Wait. What does that even mean – back to real life? What have I been living these past 11 days if not “real life” I wonder?
Change and adaptation. Growing. Expanding. Learning. Adjusting and refiguring.
That's all pretty real life stuff, I suppose. At least It's certainly felt pretty real.
Maybe I just mean . . . back to . . . ummm . . . back to . . . back to doing things that are normal even though they feel completely unnormal? Back to digging in and getting my hands dirty with the demands of day to day living?
I had a lovely week-plus pause on most run-of-the-mill things. Mike had work off and, while here, masterfully handled kids' breakfasts and lunchtimes, laundry and dishes, dinners and grocery shopping, teeth brushing and bedtimes.
I got to simply sit and hold Summer while she slept, lay in bed late into the morning while she nursed, stare endlessly at her tiny features, and respond immediately to her slightest whimper.
It wasn't as absolutely dreamy as it sounds. Life was (and still is) new and wild and unknown. My nature is such that I still felt anxiousness over things I wanted to do and couldn't, over things that needed done and weren't. I fretted plenty over the many “how”s that I haven't yet figured – and really won't be able to without the passage of time. I wondered when unpredictable might ever become predictable again.
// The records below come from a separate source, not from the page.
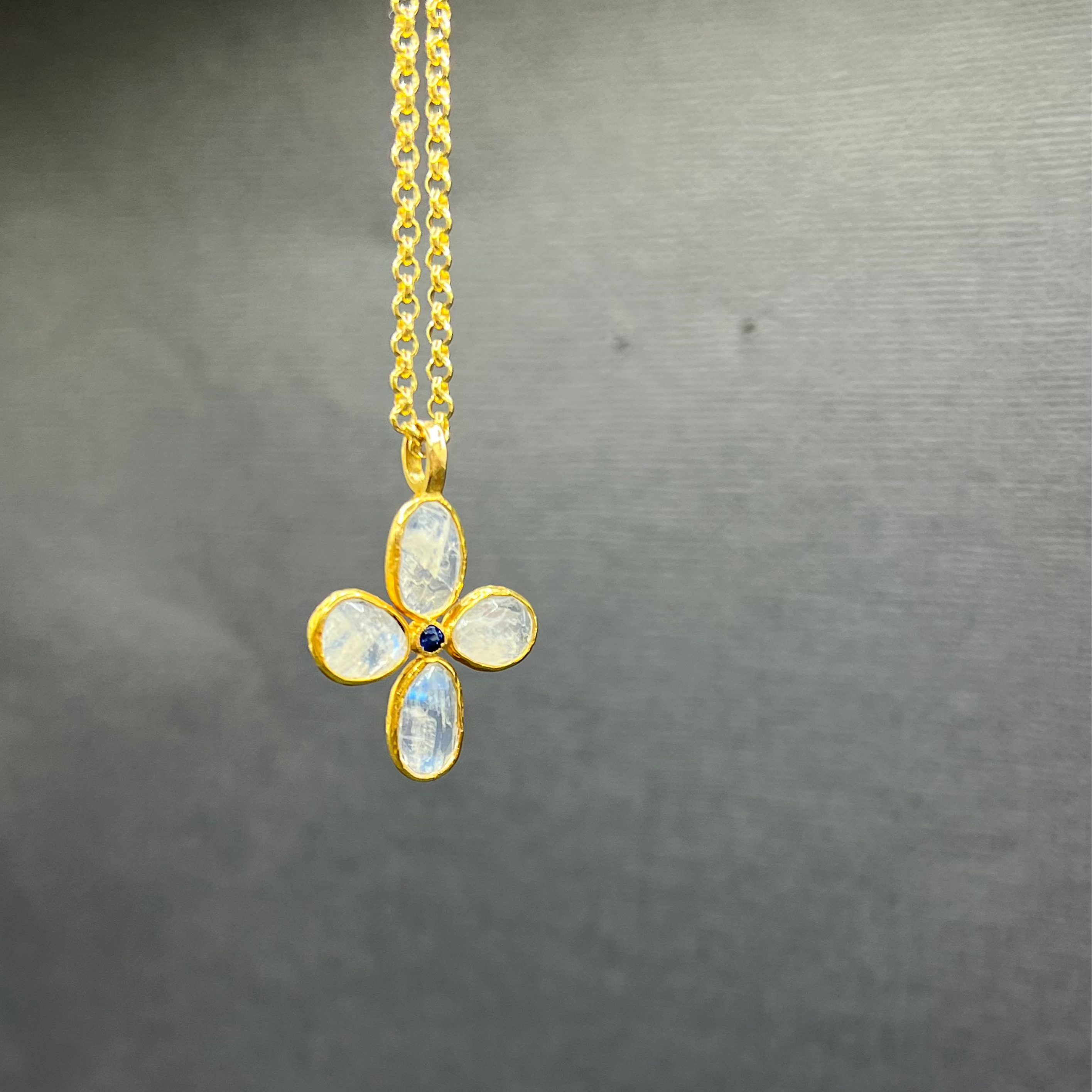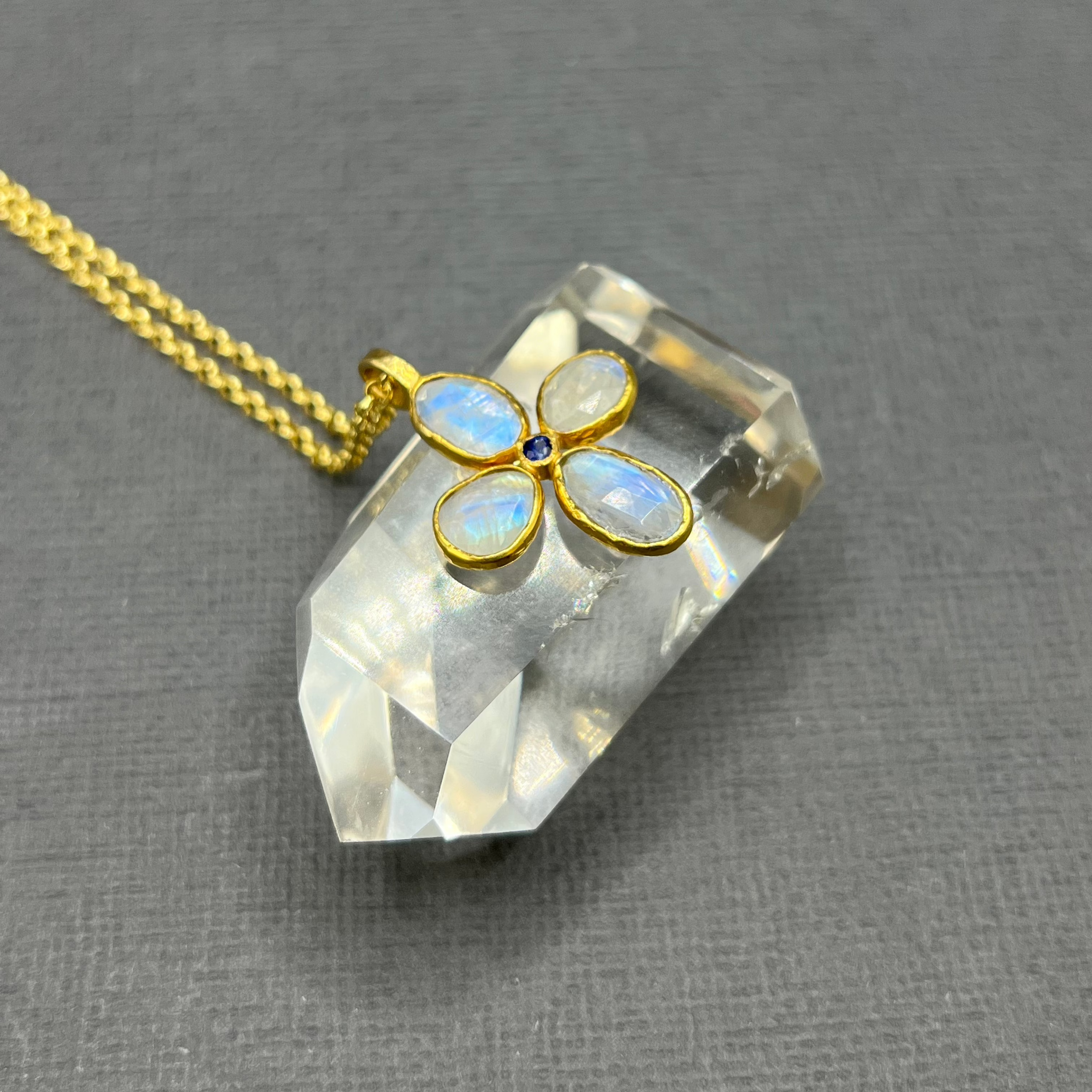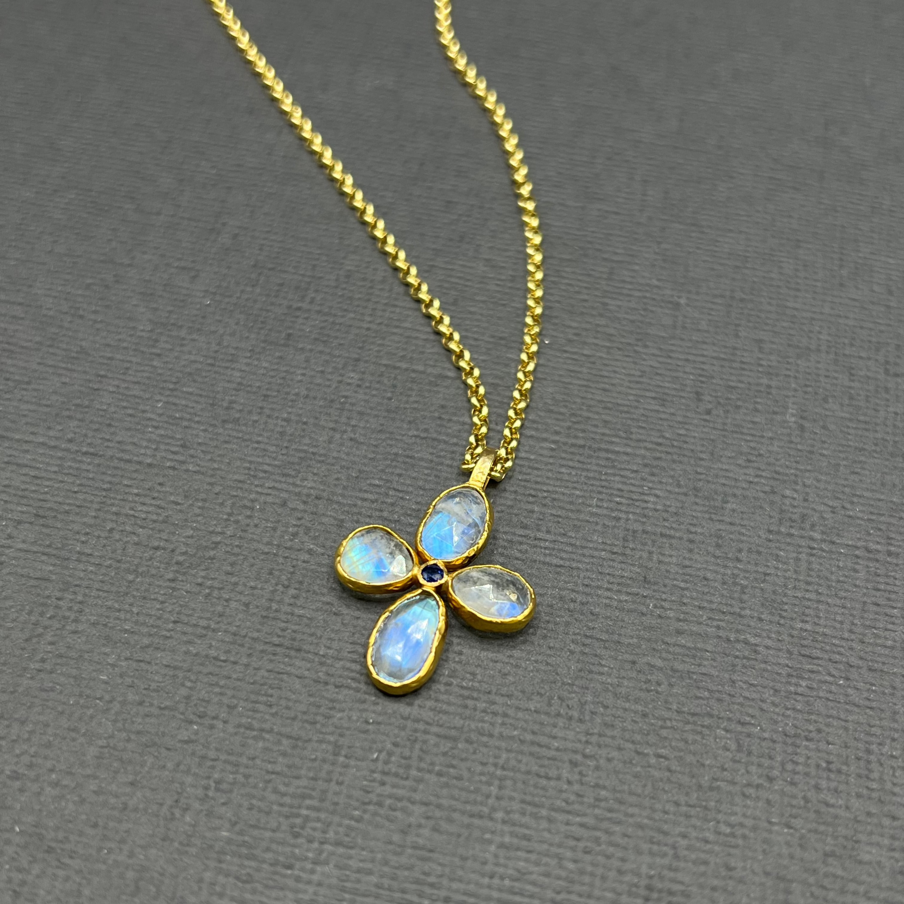 PRIMROSE MOONSTONE AND SAPPHIRE PENDANT NECKLACE
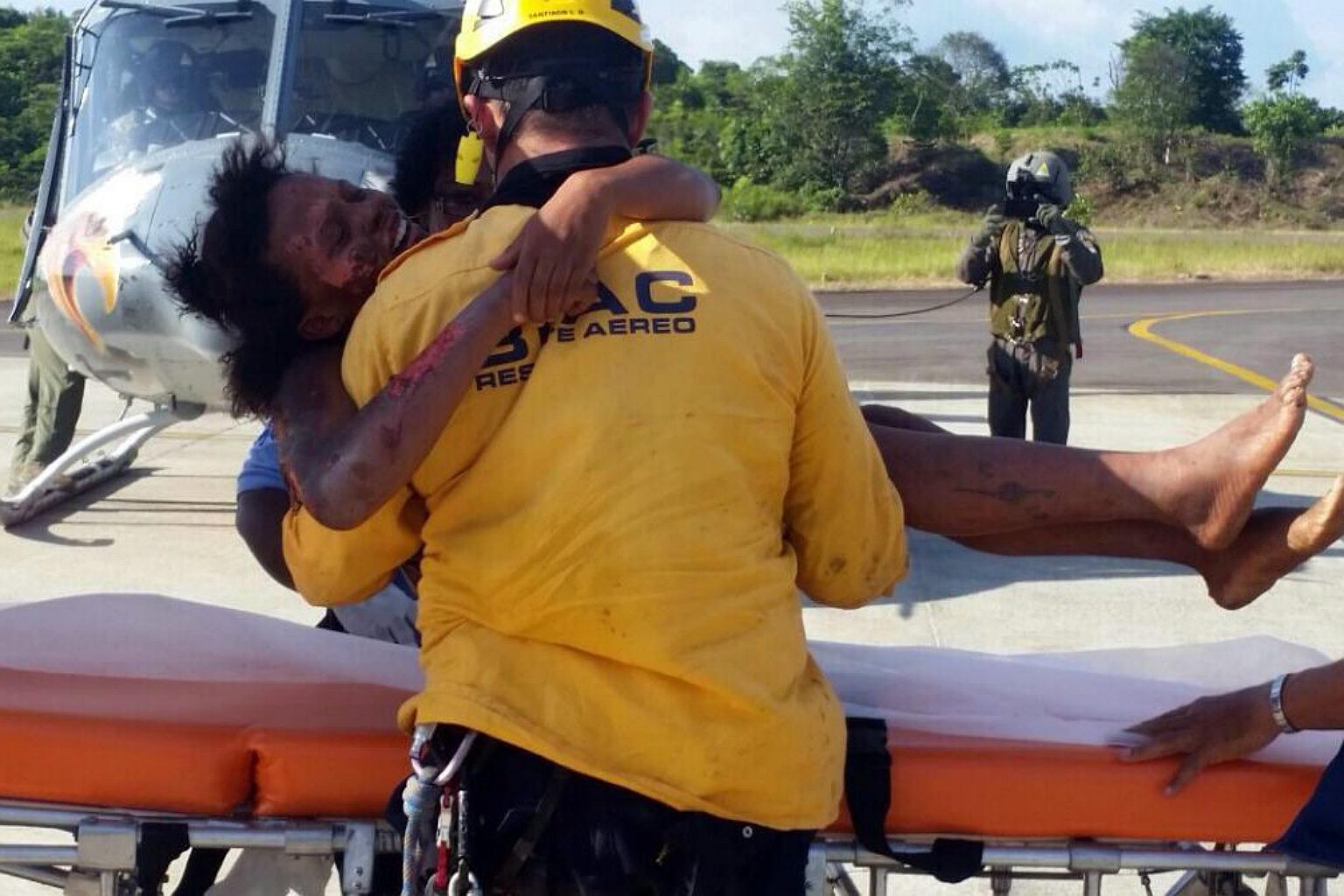 A rescue worker helping plane crash victim Nelly Murillo after her rescue in Quibdo, Colombia, on June 24, 2015.
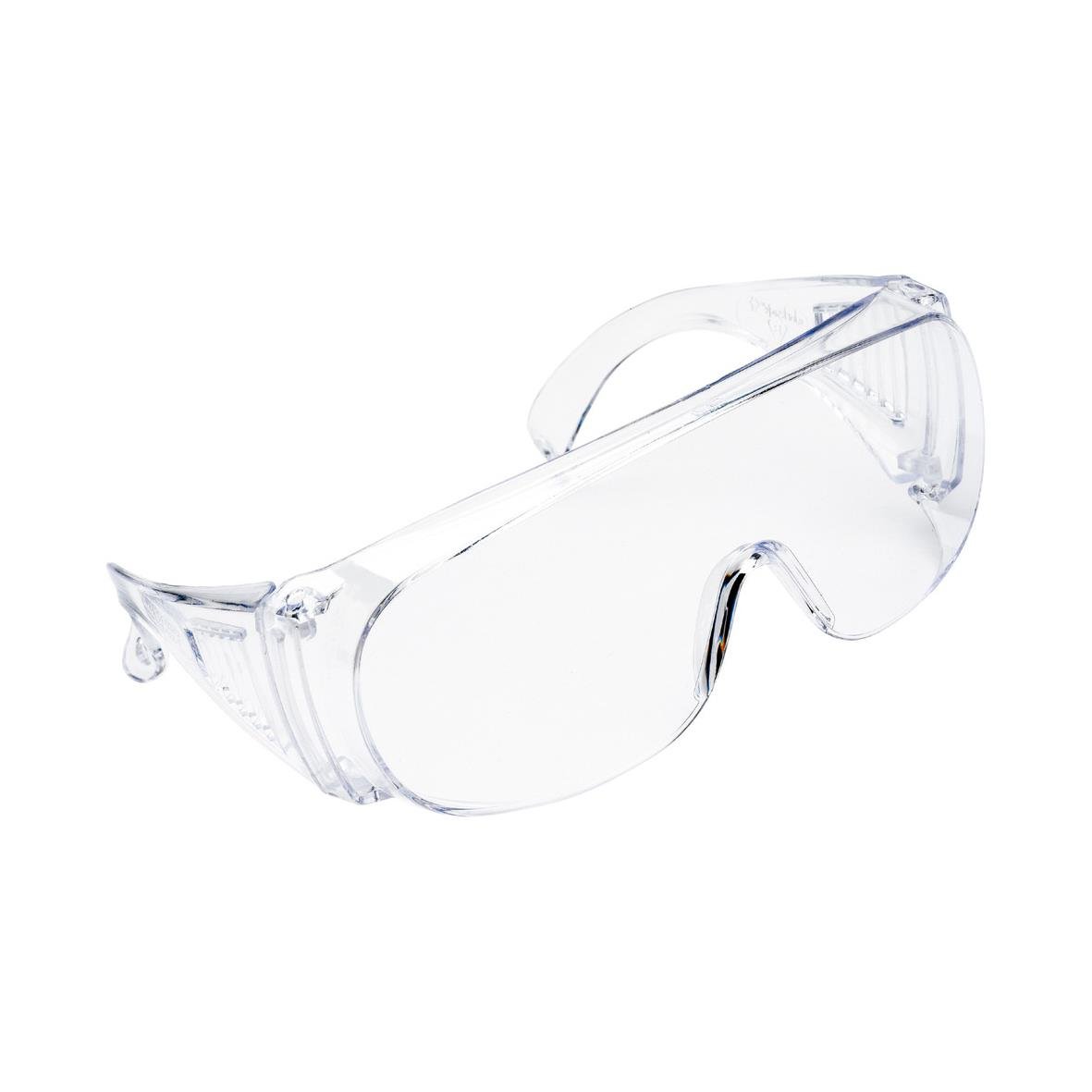 Skyddsglasögon helt i polykarbonat. Tilltagen bredd för att passa de flesta huvuden. Lämpliga som besöksglasögon.

But, it was still pretty dreamy!
I mentioned this in my last post, but I've had a more-than-healthy dose of postpartum panic and anxiety after some of my little ones' births – enough to recognize that even though life is full of questions and juggling right now, I am incredibly lucky to be feeling primarily happy and calm about it; primarily like everything will work itself out just fine.
Mike went back to work yesterday and, with his departure, I was thrown headlong back into managing day-to-day living. (Though, I would actually probably consider the day before he left – the day when Anders threw up six times and had multiple bouts of diarrhea; the day I washed my hands roughly 8 million times in my panic to keep Summer germ free – to be my first induction back into “real life”).
It will be good for me to start piecing life together into a new normal again; good for my confidence to see that I can do it – just like I've done six times before.
And until we get there – to some future state of “life is normal” again, I'm awfully glad it’s Summer who is here, winding and entwining her existence all into the new normal we are creating! So relieved. So glad.
2 comments:
Love the pictures. And yes. Why can't husbands stay home for 6 months like some euro countries, hey? Ha.
Kara, I have a little blogging friend from Iceland who just had her first, and yes, I'm pretty sure her husband has six months! A little better than a week, huh? Also, I love your Canadian "hey"s and what not. :) Cute.